Being able to identify clusters within a social network allows you to identify “subnetworks” within that larger network. In Gephi, a graph can be clustered by running the Modularity in the Statistics panel – so here’s what I get when I run this measure over my Facebook network:
The Modularity clustering tool identifies several different clusters, (that is, groups or classes) within the network as a whole, associating each node with one of the groups.
One you have run the tool, you can view the cluster each node has been associated with by using the Modularity Class Ranking parameter; I find that the colour mapping is the most effective:
You can inspect the size of the various classes in a crude fashion via the Filter panel: select the Modularity Class option from the Partition folder in the filter Library and drag the filter to the query window. If you click on the Partition column element, you will be presented with a window showing each pf the partition classes:
If you now filter on one of the partition classes, and switch on the node names, you can see which nodes have been clustered together.
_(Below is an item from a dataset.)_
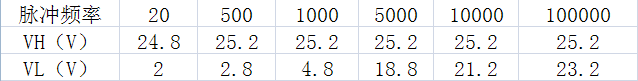测试的结果显示如上,有个新的疑问:从数据看脉冲输出的低电平是随着输出频率的升高而升高的,想知道脉冲输出的高低电平界限是多少呢??到5000以后低电平的幅值也很高了!!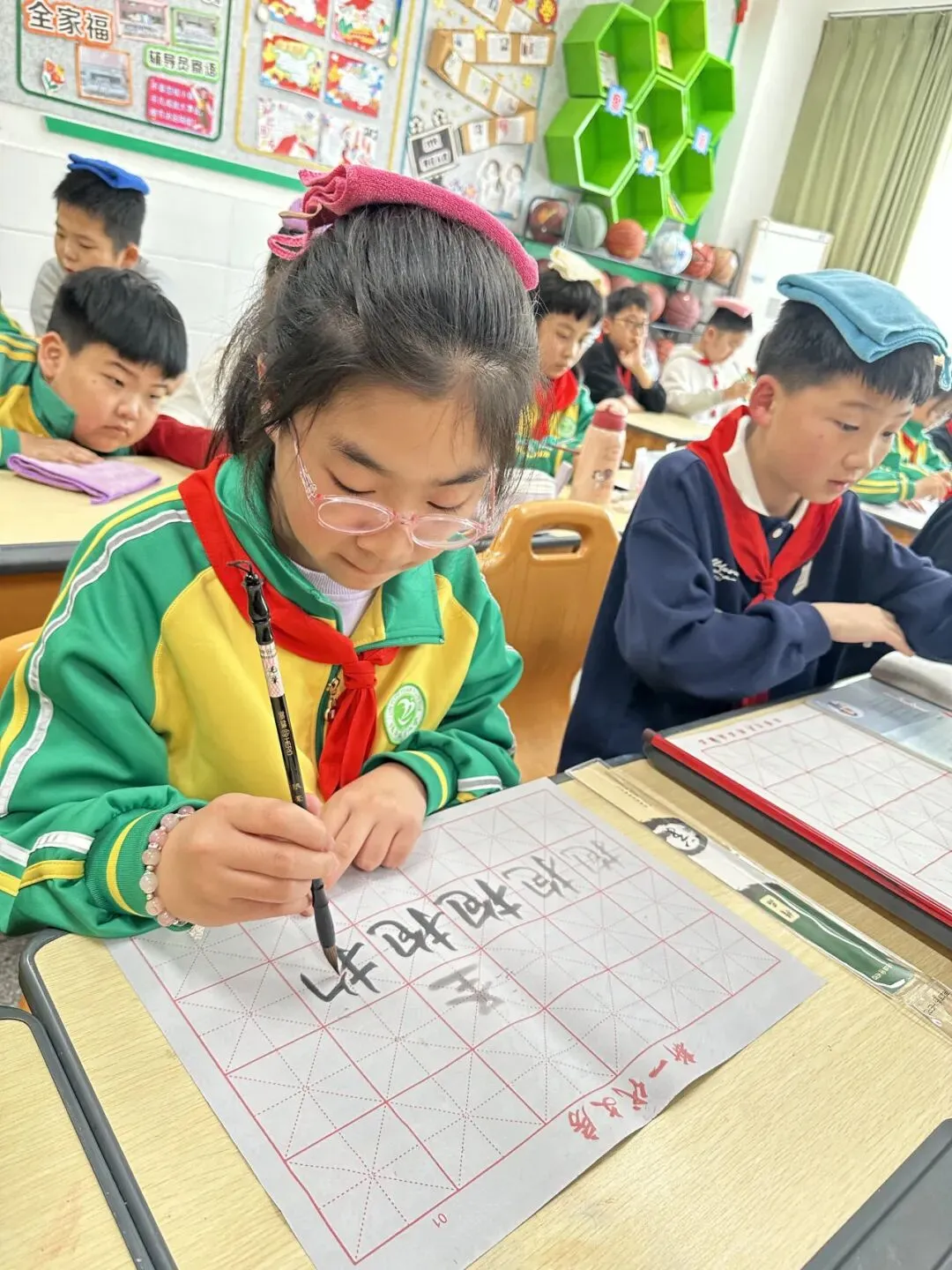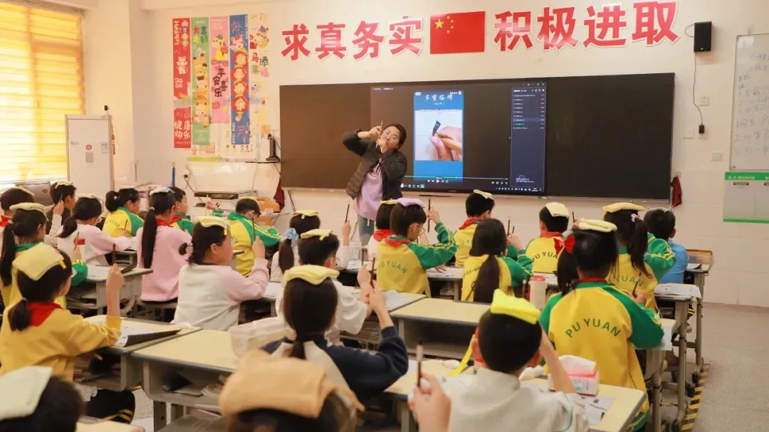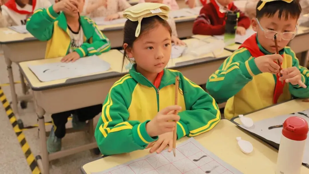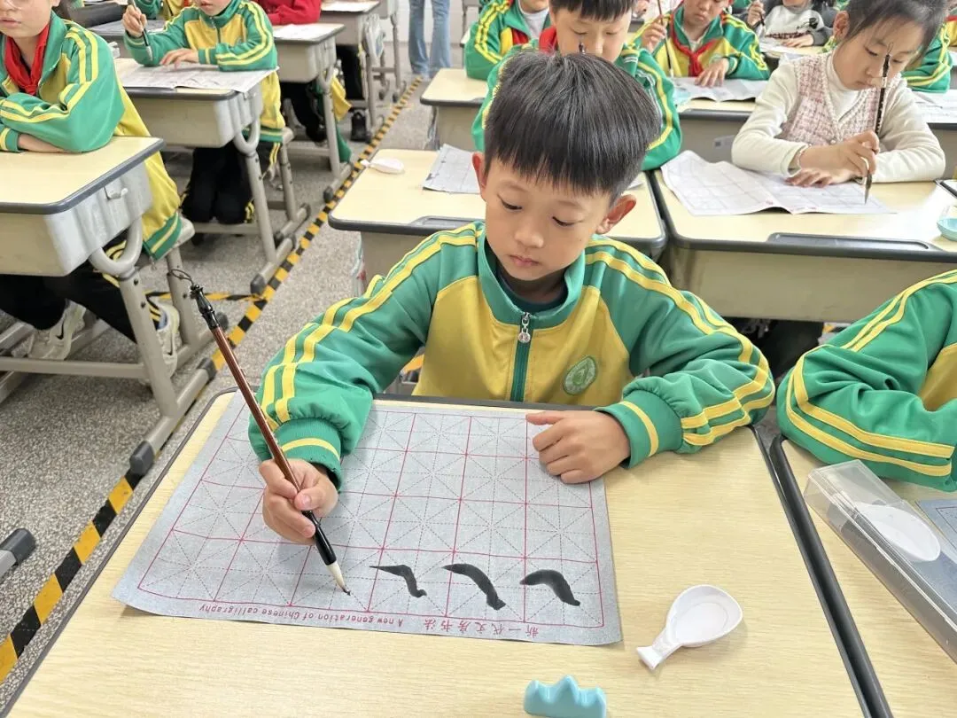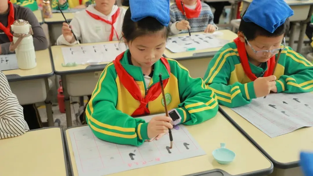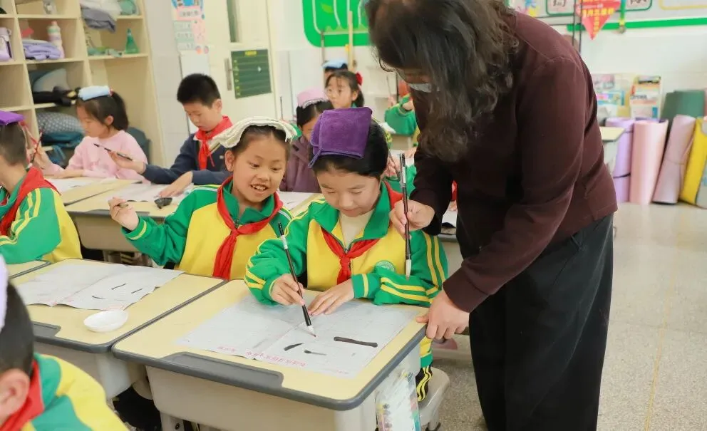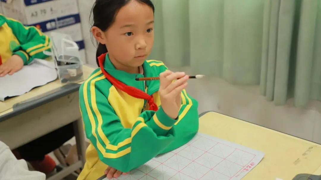 学校用心统筹、有序推进,为书法教育保驾护航——明确各班级每周开设一节毛笔字专项课程,每周五的午间,更专属开辟毛笔字指导时间,悄悄搭建起“课堂细致学+午间慢慢练”的双重练习模式。课堂上,老师们怀揣耐心与热爱,细致讲解握笔姿势、运笔力度,示范起笔的轻盈、行笔的流畅、收笔的沉稳,手把手纠正孩子们的书写小误区,陪着孩子们在笔墨流转中,慢慢发现汉字的线条之美、结构之韵,在潜移默化中提升书写能力。

Looking separately at two of the largest clusters in my Facebook network, I can see two OU clusters:
and a North America/Canada dominated ed-tech cluster (which also includes some BBC folk via Bill Thompson…):
(Note that it is possible to highlight/filter on more than one cluster within a single filter (on a Mac, fn-click allows you to select multiple individual clusters).
The Modularity statistic thus provides us with a powerful tool for identifying subgroupings within a social network. So why not try it using your own data – are the clusters that are identified meaningful to you?